A circular disk of mass 0.2 kg and radius 24 cm, initially not rotating, slips down a thin spindle onto a turntable (disk) of mass 1.7 kg and the same radius, rotating freely at 3.4 rad/s.
a) Find the new angular velocity of the combination;
rad/s
b) The change in the kinetic energy?
c) If the motor is switched on after the disk has landed, what is the constant torque needed to regain the original speed in 2.6 s?
To answer these questions, we can use the principles of conservation of angular momentum and conservation of mechanical energy.
a) To find the new angular velocity of the combination, we can conserve angular momentum. The initial angular momentum of the disk before it slips onto the turntable is zero since it is not rotating. The final angular momentum of the combined system (disk + turntable) is given by the sum of the initial angular momentum of the turntable and the angular momentum acquired by the disk after slipping onto the turntable.
The initial angular momentum of the turntable is given by:
L_initial = I_turntable * ω_initial
where I_turntable is the moment of inertia of the turntable and ω_initial is its initial angular velocity.
The angular momentum acquired by the disk after slipping onto the turntable is given by:
L_acquired = I_disk * ω_combined
where I_disk is the moment of inertia of the disk and ω_combined is the final angular velocity of the combined system.
Since we assume that the disk and turntable are mounted on the same axis, the total moment of inertia of the combined system is:
I_combined = I_disk + I_turntable
Using the conservation of angular momentum, we have:
L_initial = L_acquired
I_turntable * ω_initial = (I_disk + I_turntable) * ω_combined
Substituting the given values, we have:
(0.5 * m_turntable * r^2) * ω_initial = ((0.5 * m_disk * r^2) + (0.5 * m_turntable * r^2)) * ω_combined
Simplifying the equation, we get:
m_turntable * ω_initial = (m_disk + m_turntable) * ω_combined
Now we can plug in the values:
ω_combined = (m_turntable * ω_initial) / (m_disk + m_turntable)

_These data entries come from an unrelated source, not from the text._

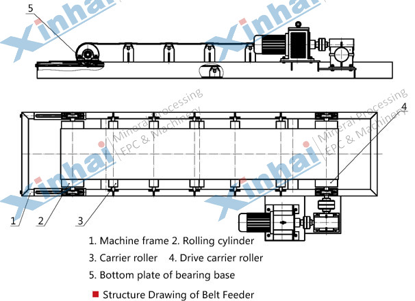 Belt feeder is widely used in metallurgy, mineral processing, building materials, coal, hydropower and other departments for transporting 0.5~2.5t bulk density materials. According to the technological requirements, it can be used for a single delivery, and can also company with other equipment to form a horizontal or inclined conveying system to meet the needs of different production line.
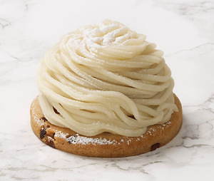 「アン・モンブラン」は、プラリネから発想を得たモンブラン仕立てのスイーツ。カシューナッツのペーストと白あんを合わせたクリームを、スイートチョコレートムースの上にモンブランのように絞っている。ベースの焼き菓子は、砂糖の代わりにあんを使うことで、干菓子のような食感に仕上げた。
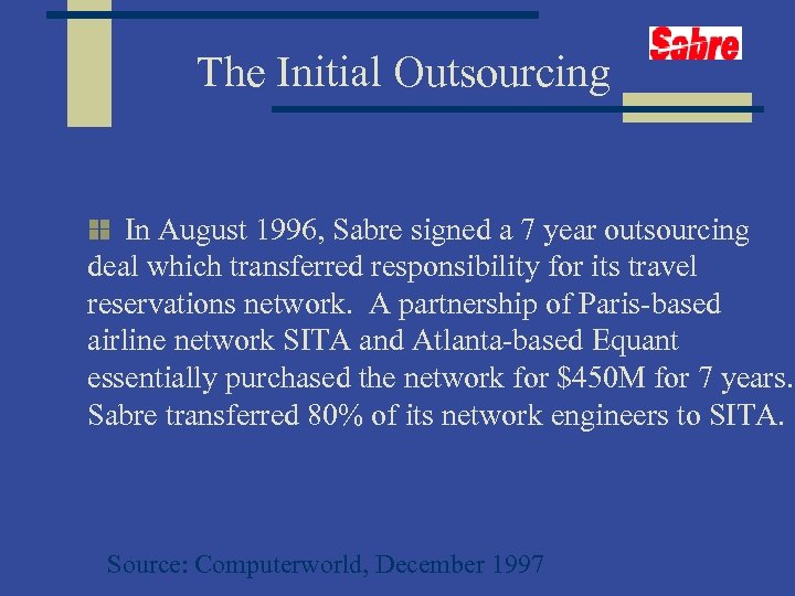 The Initial Outsourcing In August 1996, Sabre signed a 7 year outsourcing deal which transferred responsibility for its travel reservations network. A partnership of Paris-based airline network SITA and Atlanta-based Equant essentially purchased the network for $450 M for 7 years. Sabre transferred 80% of its network engineers to SITA. Source: Computerworld, December 1997
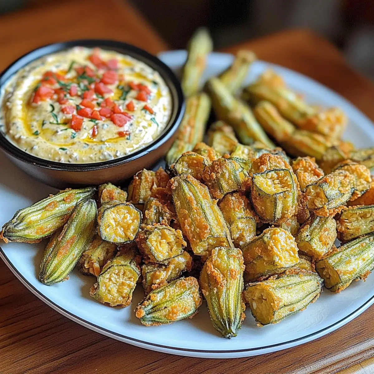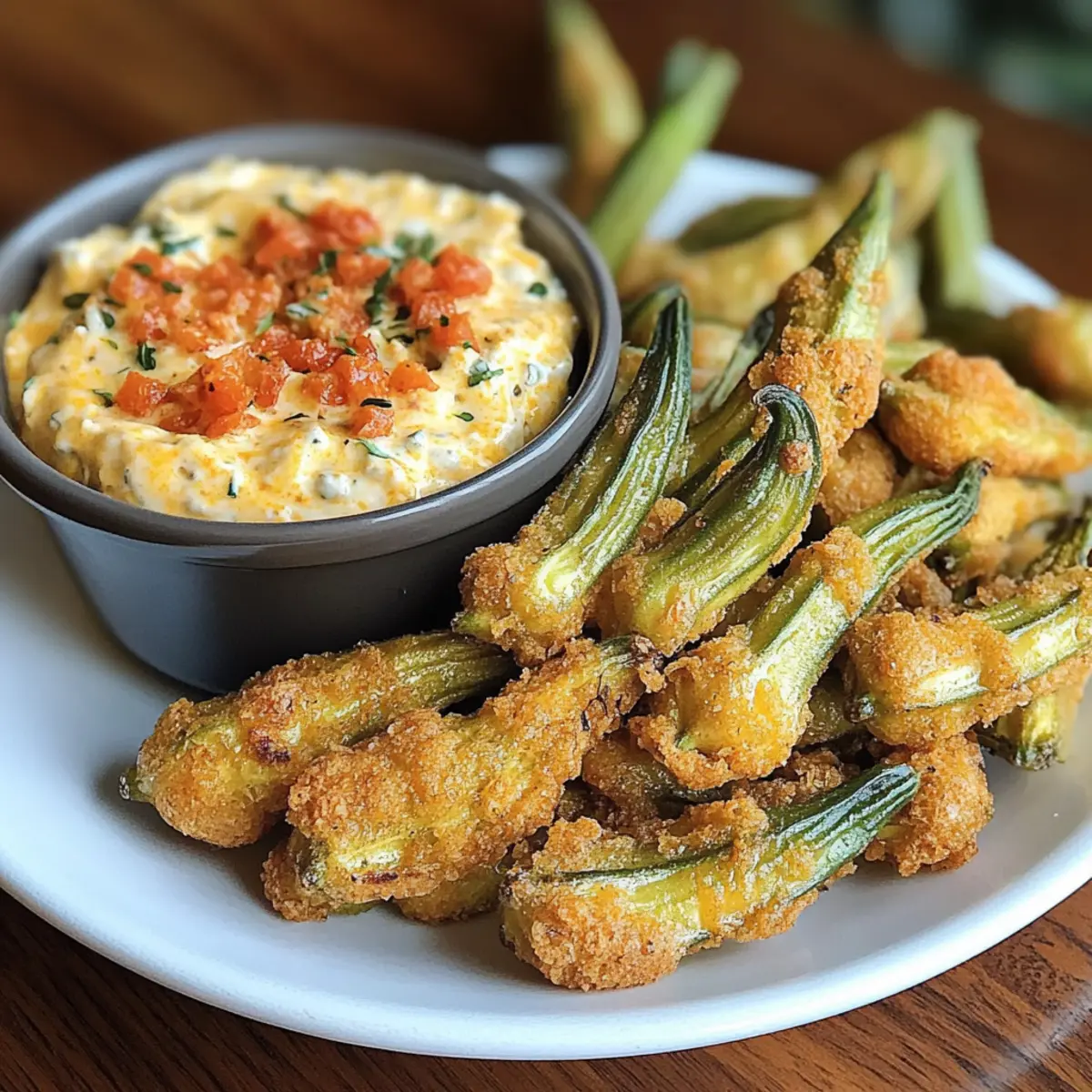 Tauche ein in die Welt von frittierter eingelegter Okra mit Pimento Käse und genieße diese köstliche Kombination!

= (1.7 kg * 3.4 rad/s) / (0.2 kg + 1.7 kg)
Calculating this, we get:
ω_combined = 0.527 rad/s
b) To find the change in kinetic energy, we can use the conservation of mechanical energy. The initial kinetic energy is zero since the disk is not rotating, and the final kinetic energy is given by the sum of the initial kinetic energy of the turntable and the kinetic energy acquired by the disk after slipping onto the turntable.
The initial kinetic energy of the turntable is:
K_initial = 0.5 * I_turntable * ω_initial^2
The kinetic energy acquired by the disk after slipping onto the turntable is:
K_acquired = 0.5 * I_disk * ω_combined^2
The total change in kinetic energy is:
ΔK = K_acquired - K_initial = 0.5 * (I_disk * ω_combined^2 - I_turntable * ω_initial^2)
Substituting the given values, we have:
ΔK = 0.5 * ((0.5 * m_disk * r^2) * ω_combined^2 - (0.5 * m_turntable * r^2) * ω_initial^2)
Calculating this, we get:
ΔK = -0.670 J (negative sign indicates a decrease in kinetic energy)
c) If the motor is switched on after the disk has landed, the torque required to regain the original speed can be calculated using the equation:
τ = ΔL / Δt
Where τ is the torque, ΔL is the change in angular momentum, and Δt is the time interval for which the torque is applied.
The change in angular momentum is given by:
ΔL = I_combined * (ω_combined - ω_initial)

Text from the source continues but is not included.